**Task item**
The answer is to be the lines below that lie between the line holding "금속 블레이드 1 개)" and the line holding "Prestige 39 blir", inclusive, transcribed exactly and free of pictures.

**Dataset content**
---+---

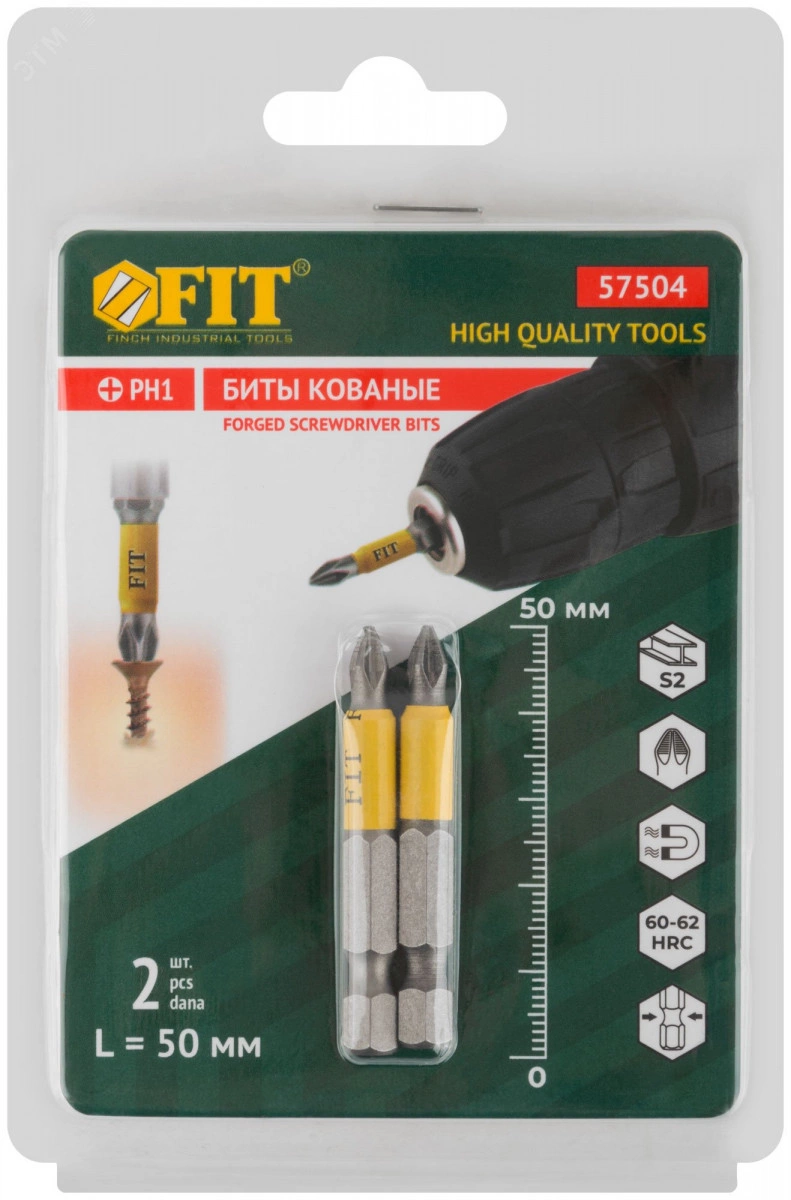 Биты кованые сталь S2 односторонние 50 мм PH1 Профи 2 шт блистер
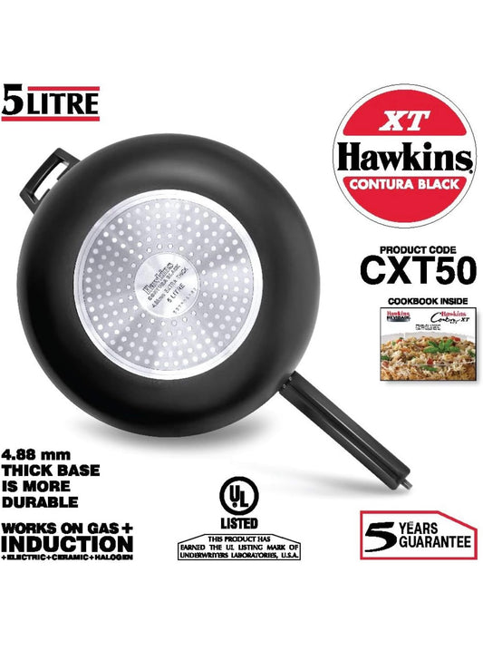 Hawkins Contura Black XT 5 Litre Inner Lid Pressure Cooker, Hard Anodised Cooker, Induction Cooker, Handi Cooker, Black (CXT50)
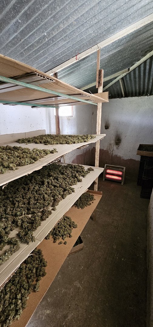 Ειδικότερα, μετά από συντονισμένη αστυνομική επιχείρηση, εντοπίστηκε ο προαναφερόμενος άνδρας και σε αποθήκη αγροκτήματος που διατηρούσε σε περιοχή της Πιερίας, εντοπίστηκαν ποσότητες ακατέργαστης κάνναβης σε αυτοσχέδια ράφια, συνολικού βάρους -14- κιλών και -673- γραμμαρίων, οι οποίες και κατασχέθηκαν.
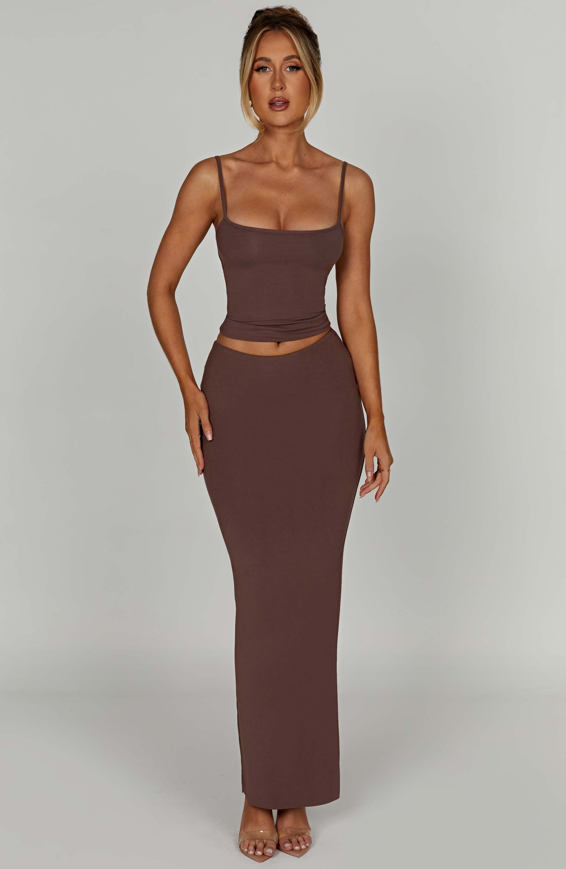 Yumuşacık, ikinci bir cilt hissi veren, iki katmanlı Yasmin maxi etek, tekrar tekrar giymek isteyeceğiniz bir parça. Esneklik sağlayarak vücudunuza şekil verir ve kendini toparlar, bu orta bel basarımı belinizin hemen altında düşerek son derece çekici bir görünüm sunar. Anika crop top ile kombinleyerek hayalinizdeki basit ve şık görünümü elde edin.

---+---

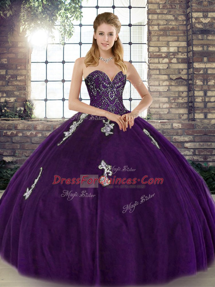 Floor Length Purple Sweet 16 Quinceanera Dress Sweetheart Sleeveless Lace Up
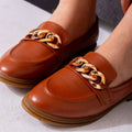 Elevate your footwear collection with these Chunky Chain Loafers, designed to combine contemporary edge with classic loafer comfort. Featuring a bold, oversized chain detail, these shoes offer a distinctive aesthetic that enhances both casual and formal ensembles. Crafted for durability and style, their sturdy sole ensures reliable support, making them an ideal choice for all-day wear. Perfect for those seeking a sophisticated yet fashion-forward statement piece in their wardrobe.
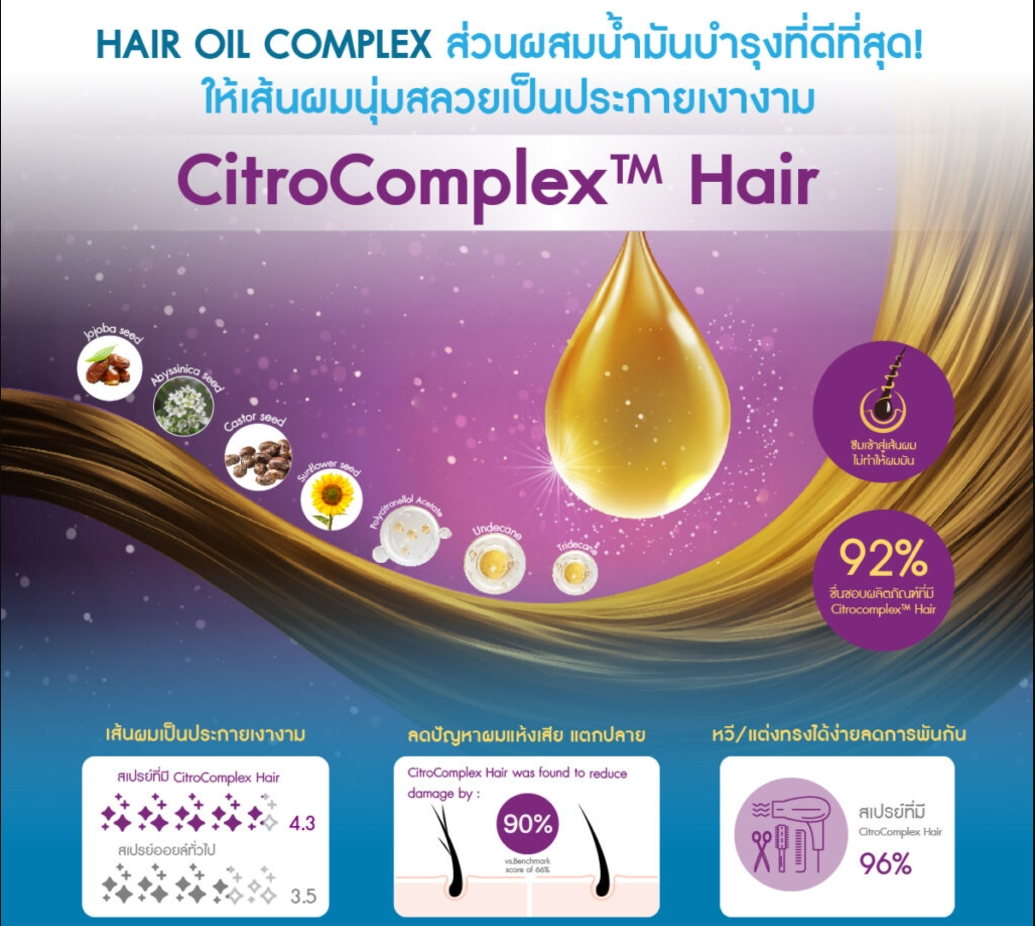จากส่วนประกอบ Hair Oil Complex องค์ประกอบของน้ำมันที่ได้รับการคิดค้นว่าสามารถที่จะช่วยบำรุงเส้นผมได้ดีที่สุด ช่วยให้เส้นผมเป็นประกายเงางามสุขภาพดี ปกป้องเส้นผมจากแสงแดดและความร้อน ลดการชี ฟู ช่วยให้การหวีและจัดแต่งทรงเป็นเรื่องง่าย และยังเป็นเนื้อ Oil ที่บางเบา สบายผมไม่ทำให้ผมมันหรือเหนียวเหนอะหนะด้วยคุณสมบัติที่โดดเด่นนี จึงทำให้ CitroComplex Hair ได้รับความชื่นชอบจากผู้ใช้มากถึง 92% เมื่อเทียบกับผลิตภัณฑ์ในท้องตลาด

---+---

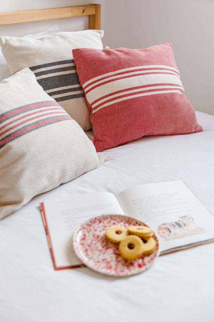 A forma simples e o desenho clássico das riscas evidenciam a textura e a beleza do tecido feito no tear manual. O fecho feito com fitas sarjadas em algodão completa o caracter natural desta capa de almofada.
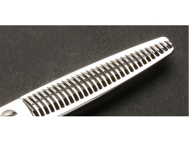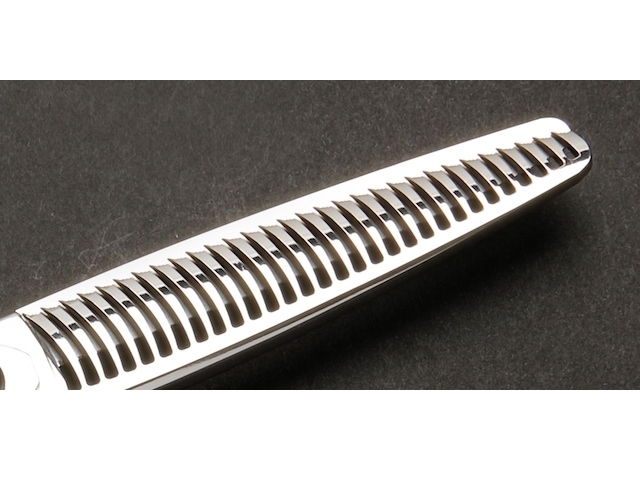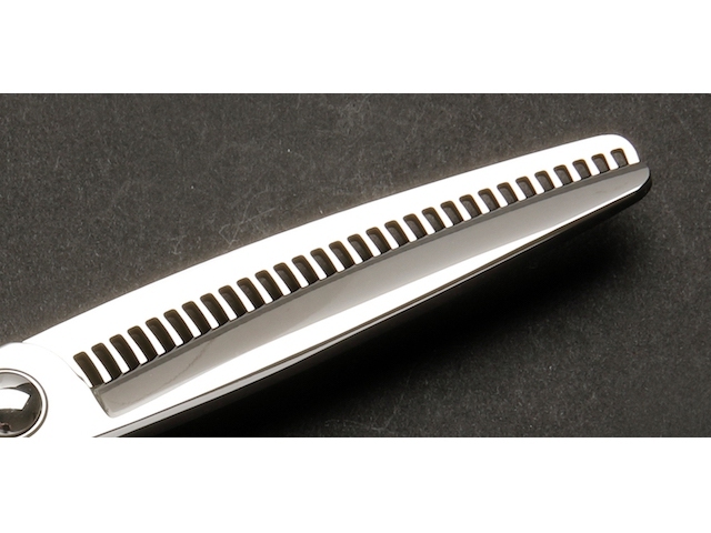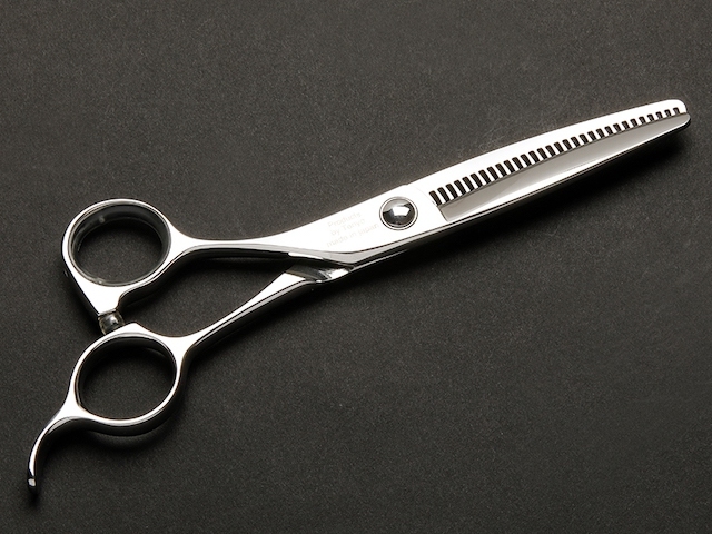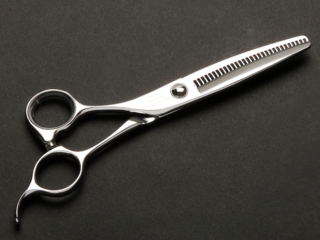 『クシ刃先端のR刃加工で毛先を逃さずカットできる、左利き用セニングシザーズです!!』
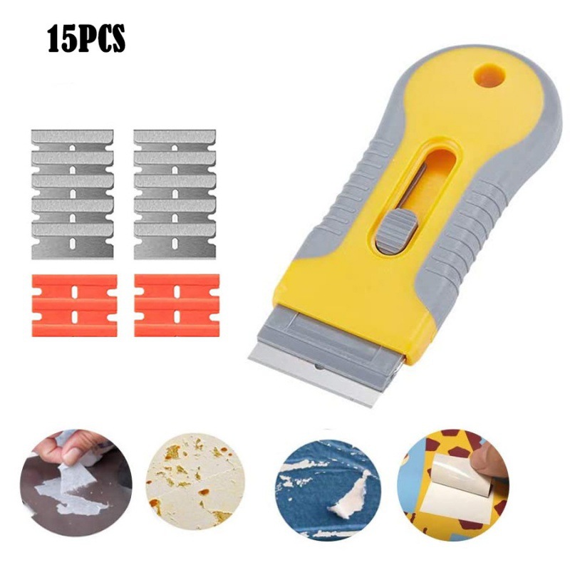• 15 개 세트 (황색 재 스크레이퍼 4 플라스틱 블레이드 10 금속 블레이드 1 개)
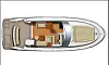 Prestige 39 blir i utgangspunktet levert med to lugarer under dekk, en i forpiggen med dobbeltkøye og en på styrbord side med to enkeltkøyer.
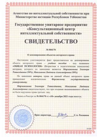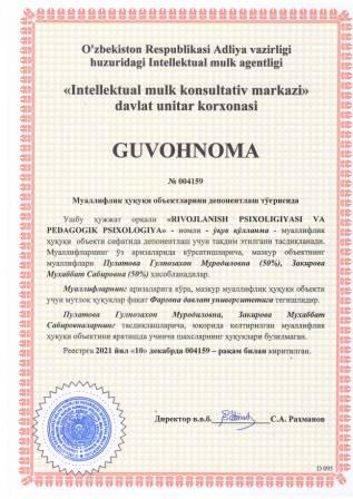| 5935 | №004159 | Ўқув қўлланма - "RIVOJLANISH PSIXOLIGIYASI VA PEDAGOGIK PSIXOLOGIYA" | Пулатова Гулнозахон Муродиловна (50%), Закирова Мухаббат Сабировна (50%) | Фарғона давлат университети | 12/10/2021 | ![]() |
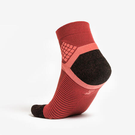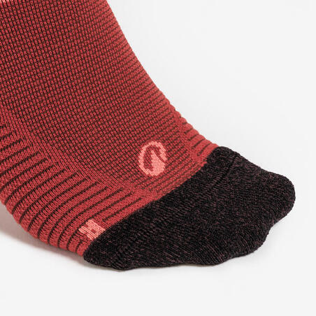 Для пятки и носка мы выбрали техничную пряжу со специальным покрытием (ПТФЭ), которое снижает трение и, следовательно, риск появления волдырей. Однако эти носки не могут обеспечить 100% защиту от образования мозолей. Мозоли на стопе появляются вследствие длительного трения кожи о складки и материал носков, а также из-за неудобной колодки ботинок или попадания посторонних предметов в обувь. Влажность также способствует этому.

---+---

**Answer for this exercise**
• 15 개 세트 (황색 재 스크레이퍼 4 플라스틱 블레이드 10 금속 블레이드 1 개)
 Prestige 39 blir i utgangspunktet levert med to lugarer under dekk, en i forpiggen med dobbeltkøye og en på styrbord side med to enkeltkøyer.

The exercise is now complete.